**Stored data:**
--- START ---

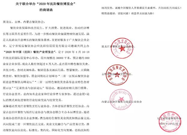 “黑吉辽蒙”三省一区餐饮行业协会将作为2020第7届中国(沈阳)餐饮产业博览会的主办单位加入到第7届沈阳餐博会的组团参展/参观、展会同期活动、会员企业供需商贸对接等系列活动,联手协作共同推动三省一区餐饮业的持续繁荣和高质量发展,为疫情后行业复苏做出重要贡献!
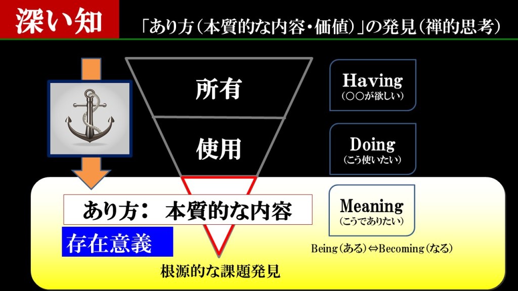 ・『深い知』は、「大切にすることは何か」という事業の再定義につながり、ミッション(使命)を生み出します。自分達が何に「命を使う」のかに関わってきます。当然、ワクワクするものに命を使いたいですよね。船でいう錨(アンカー)の役割です。
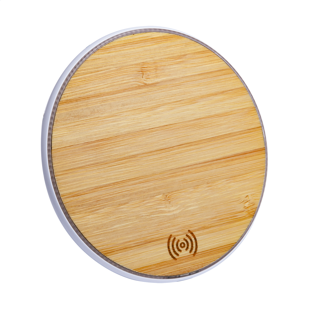 Caricatore wireless (10W) per cellulare corpo in plastica e bambù. Cavo di ricarica USB incluso.
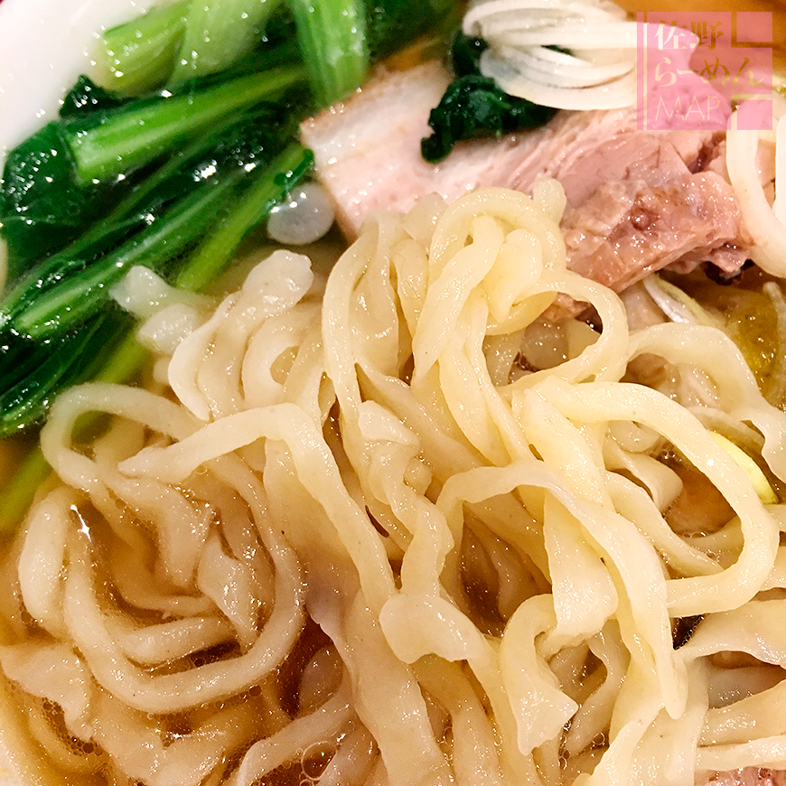 麺は平打ち麺で、太さはまちまち。平打ちでも薄いほうだが、コシがありシコよりプリに近い。
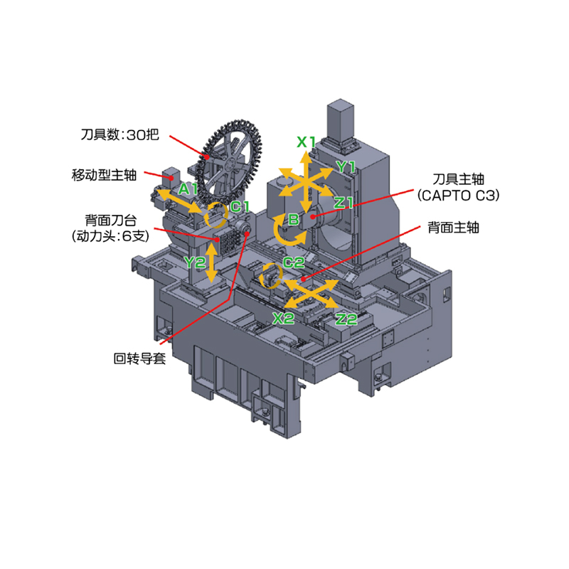 背面刃物臺最多6支動力頭,加工能力強勁;
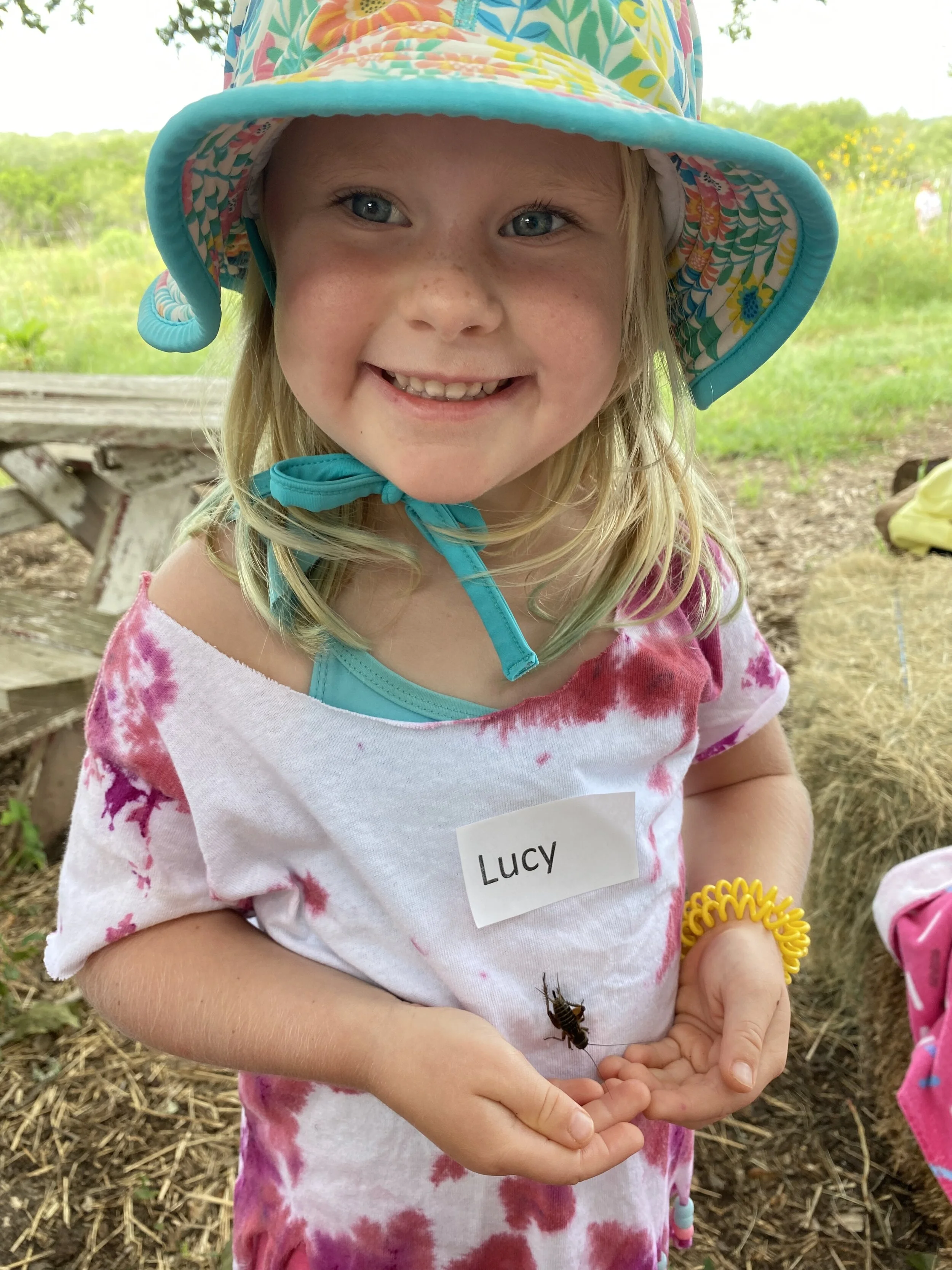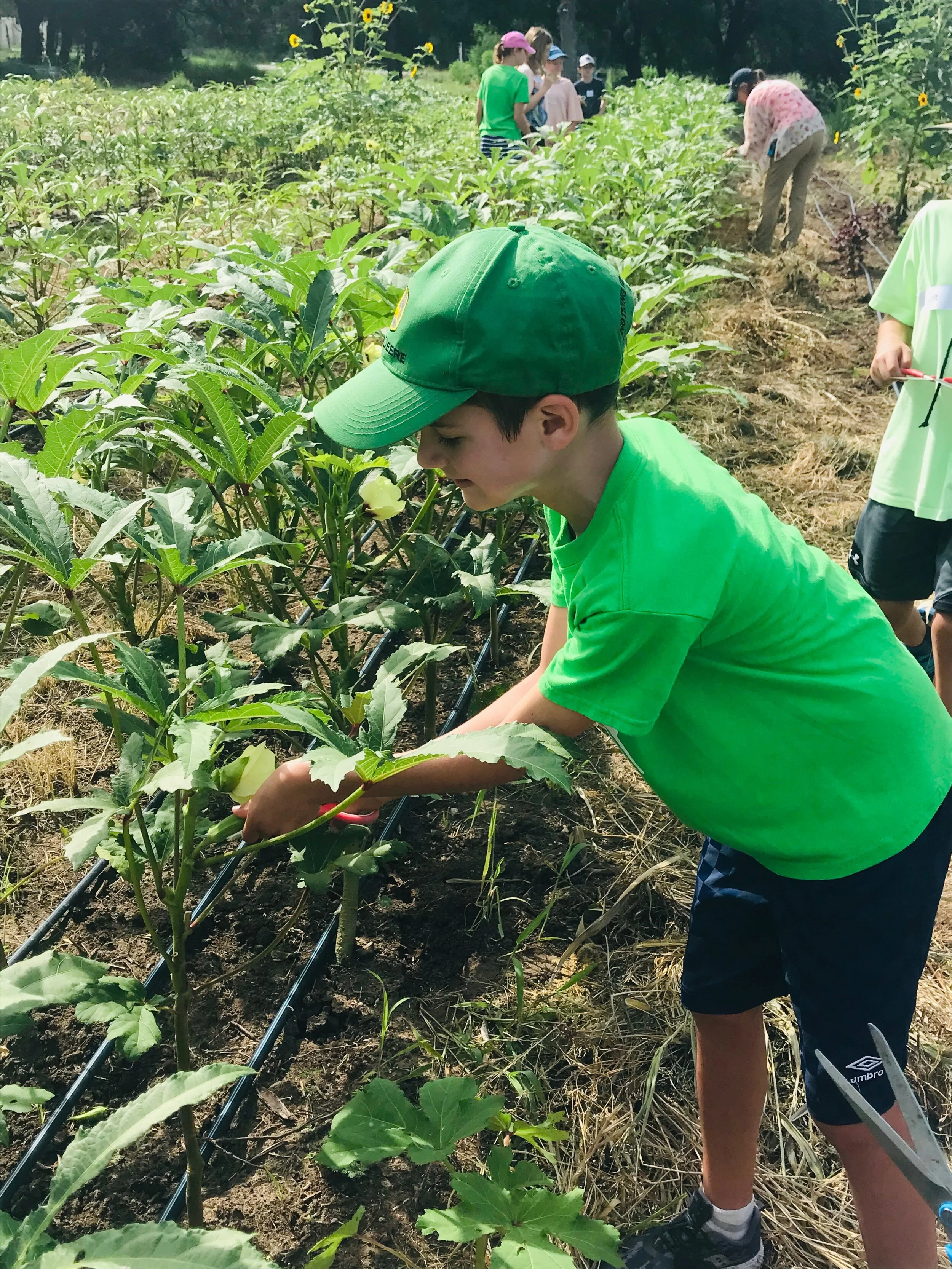 The theme for day two was insects and spiders. After harvesting okra and dill for our farm chores, we learned all about the importance of beneficial insects on our farm (including pollination and predation of harmful bugs that eat our plants.) We then hunted for bugs using magnifying boxes and identified them with our Good Bug / Bad Bug charts. After that, our captured bugs faced intense competition in several bug races. (All contestants were set free.) The Oaks group then made okra pickles and the Willows made a lovely herbal sun tea. We finished at the day with a visit to the cows and plenty of awesome water play.
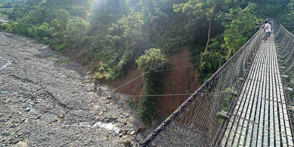 अविरल वर्षासँगै सेउती खोलामा आएको बाढीका कारण धरान उपमहानगरपालिका–१४ को यायोखा टोल र धरान उपमहानगरपालिका–४ को किरात बस्तीलाई जोड्ने झोलुङ्गे पुलको पूर्वी भाग क्षतिग्रस्त भएको छ ।
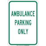 Available Options Brady 129651 18" x 12" Aluminum Ambulance Parking Only Sign Sale Price Price $36.85 List Price $39.29 You save $2.44 6.2% Free Shipping
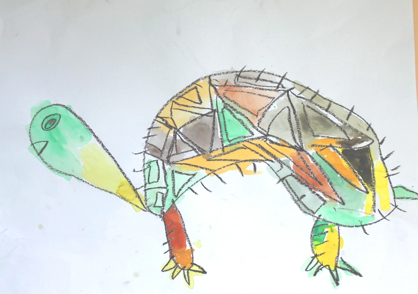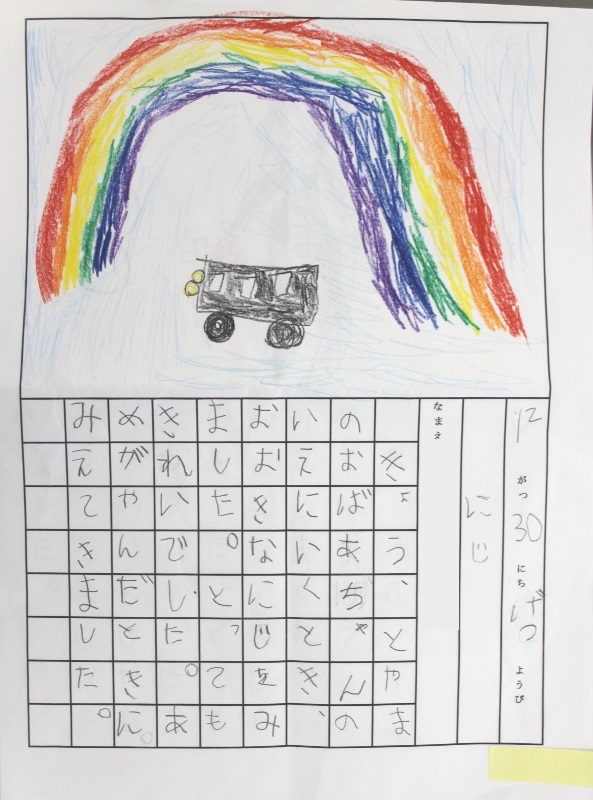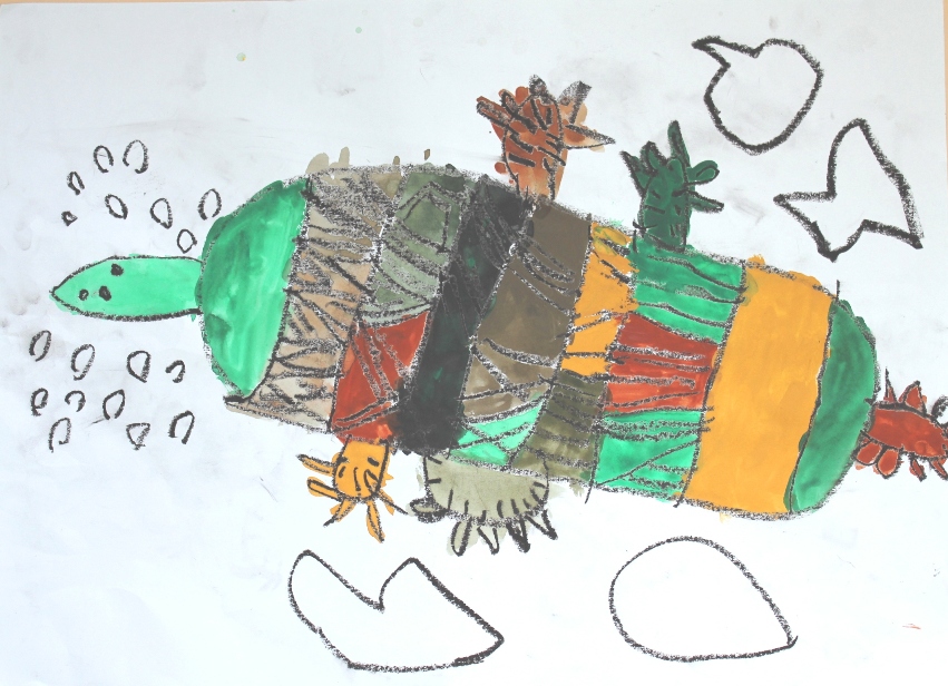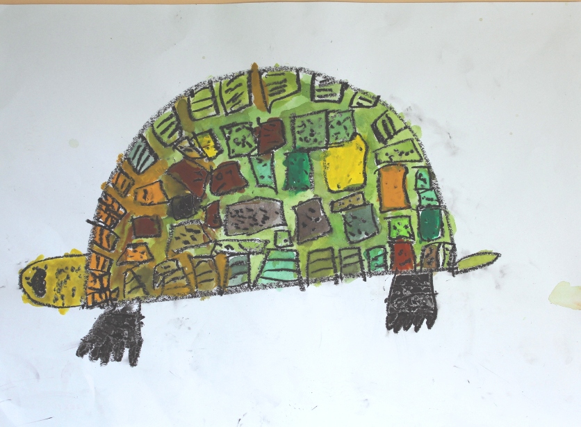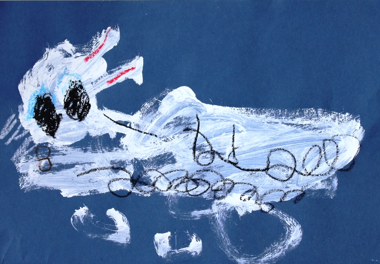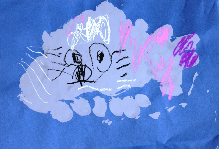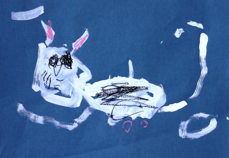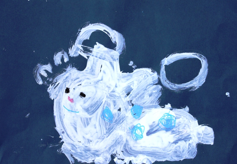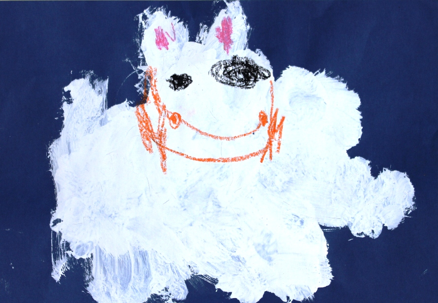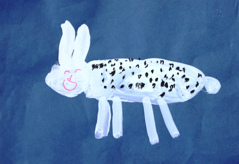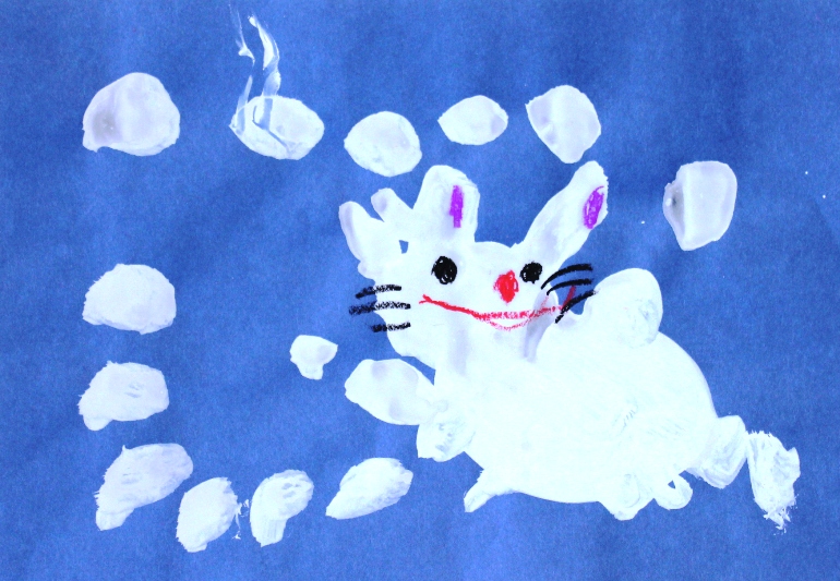 その後、クレパスで細かい部分を描き、かわいいウサギさんがたくさんできあがりました。

--- END ---

**PROBLEM REQUIREMENTS:** Leaving out the pictures, repeat the data above exactly.

**RESULT OF THE EXERCISE:**
 “黑吉辽蒙”三省一区餐饮行业协会将作为2020第7届中国(沈阳)餐饮产业博览会的主办单位加入到第7届沈阳餐博会的组团参展/参观、展会同期活动、会员企业供需商贸对接等系列活动,联手协作共同推动三省一区餐饮业的持续繁荣和高质量发展,为疫情后行业复苏做出重要贡献!
 ・『深い知』は、「大切にすることは何か」という事業の再定義につながり、ミッション(使命)を生み出します。自分達が何に「命を使う」のかに関わってきます。当然、ワクワクするものに命を使いたいですよね。船でいう錨(アンカー)の役割です。
 Caricatore wireless (10W) per cellulare corpo in plastica e bambù. Cavo di ricarica USB incluso.
 麺は平打ち麺で、太さはまちまち。平打ちでも薄いほうだが、コシがありシコよりプリに近い。
 背面刃物臺最多6支動力頭,加工能力強勁;
 The theme for day two was insects and spiders. After harvesting okra and dill for our farm chores, we learned all about the importance of beneficial insects on our farm (including pollination and predation of harmful bugs that eat our plants.) We then hunted for bugs using magnifying boxes and identified them with our Good Bug / Bad Bug charts. After that, our captured bugs faced intense competition in several bug races. (All contestants were set free.) The Oaks group then made okra pickles and the Willows made a lovely herbal sun tea. We finished at the day with a visit to the cows and plenty of awesome water play.
 अविरल वर्षासँगै सेउती खोलामा आएको बाढीका कारण धरान उपमहानगरपालिका–१४ को यायोखा टोल र धरान उपमहानगरपालिका–४ को किरात बस्तीलाई जोड्ने झोलुङ्गे पुलको पूर्वी भाग क्षतिग्रस्त भएको छ ।
 Available Options Brady 129651 18" x 12" Aluminum Ambulance Parking Only Sign Sale Price Price $36.85 List Price $39.29 You save $2.44 6.2% Free Shipping
 その後、クレパスで細かい部分を描き、かわいいウサギさんがたくさんできあがりました。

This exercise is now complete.